Synthesis from 3-benzoxepin according to K. Dimroth

The compound can also be obtained through UV-irratiation of certain naphthalene derivatives such as 1,4-epoxy-1,4-dihydronaphthalene.[9]

3-Benzoxepin from UV-irradiation from epoxydihydronaphthaline

It can also be obtained by photooxidation of 1,4-dihydronaphthalene, followed by pyrolysis of the formed hydroperoxides.[10]

3-Benzoxepin durch Pyrolyse aus Hydroperoxydihydronaphthalen

The latter syntheses give 3-benzoxepins in low yields (4–6%).[9]

Properties

3-Benzoxepin is a bright yellow solid that crystallizes in platelets, with a smell similar to naphthalene. The material is soluble in apolar, organic solvents. Like naphthalene, it can be purified through sublimation. The solid is relatively acid-resistant, only under refluxing in concentrated, acidic alcohol solutions an unsaturated aldehyde is formed (likely an indene-3-aldehyde). Catalytic hydrogenation with a palladium catalyst results in 1,2,4,5-tetrahydro-3-benzoxepin.

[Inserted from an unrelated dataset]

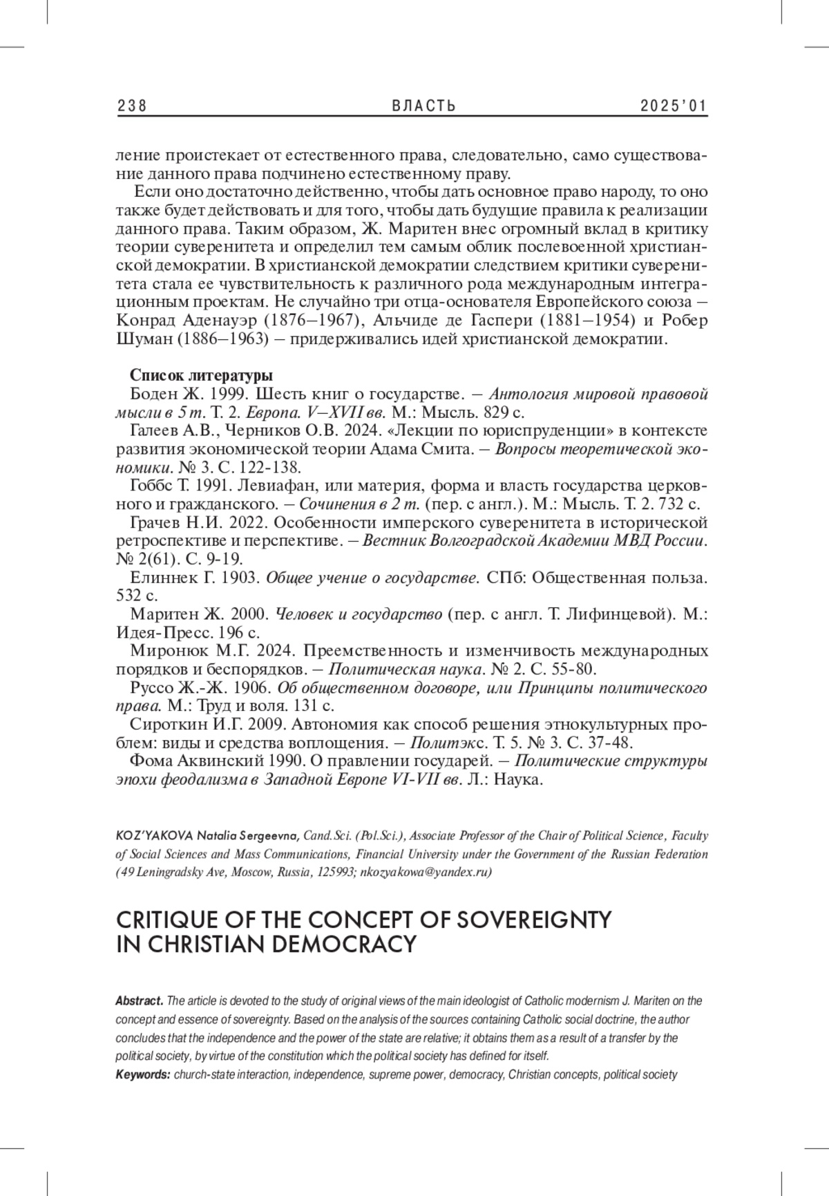 6. Маритен Ж. 2000. Человек и государство (пер. с англ. Т. Лифинцевой). М.: Идея-Пресс. 196 с.

Reactions with 3-Benzoxepin

References

  1. Dimroth, K.; Pohl, G. (1961). "3-Benzoxepin". Angew. Chem. 73 (12): 436. doi:10.1002/ange.19610731215.
  2. Dimroth, K.; Pohl, G.; Follmann, H. (1966). "Die Synthese von Derivaten des 3-Oxepins und des Furans durch eine zweifache Wittig-Reaktion". Chem. Ber. (in German). 99 (2): 634–641. doi:10.1002/cber.19660990238.
  3. Rosowsky, A., ed. (1972). "II. Oxepin Ring Systems Containing Two Rings". Seven-Membered Heterocyclic Compounds Containing Oxygen and Sulfur. The Chemistry of Heterocyclic Compounds (in German). 26th. New York: Wiley-Interscience. p. 96. ISBN 0-471-38210-8.
  4. Liu, J.-H.; Steigel, A.; Reininger, E.; Bauer, R. (2000). "Two new prenylated 3-benzoxepin derivatives as cyclooxygenase inhibitors from Perilla frutescens var. acuta". J. Nat. Prod. 63 (3): 403–405. doi:10.1021/np990362o. PMID 10757731.
  5. Ulubelen, A.; Tuzlaci, E.; Atilan, N. (1989). "Oxepine derivatives and anthraquinones from Asphodeline tenuior and A. taurica". Phytochemistry. 28 (2): 649–650. doi:10.1016/0031-9422(89)80076-7.
  6. Kester, M.; Karpa, K. D.; Vrana, K. E. (2011). "NSAIDs". Pharmacology. Elsevier's Integrated Review. Elsevier Health Sciences. pp. 165–166. ISBN 9780323074452.
  7. Bill, J. C.; Tarbell, D. S. (1954). "o-Phthalaldehyde". Organic Syntheses. 34: 82. doi:10.15227/orgsyn.034.0082.
  8. US patent 20040242799, Grabarnick, M. & Sasson, Y., "Process to bromomethylate aromatic compounds", published 2004-12-02, assigned to Grabarnick, M. and Sasson, Y.
  9. Ziegler, G. R. (1969). "Mechanisms of photochemical reactions in solution. LVII. Photorearrangement of 1,4-epoxy-1,4-dihydronaphthalene to benz[f]oxepin". J. Am. Chem. Soc. 91 (2): 446–449. doi:10.1021/ja01030a040.
  10. Jeffrey, A. M.; Jerina, D. M. (1972). "Autoxidation of 1,4-dihydronaphthalene. Formation of 3-benzoxepin via pyrolysis of 2-hydroperoxy-1,2-dihydronaphthalene". J. Am. Chem. Soc. 94 (11): 4048–4049. doi:10.1021/ja00766a084.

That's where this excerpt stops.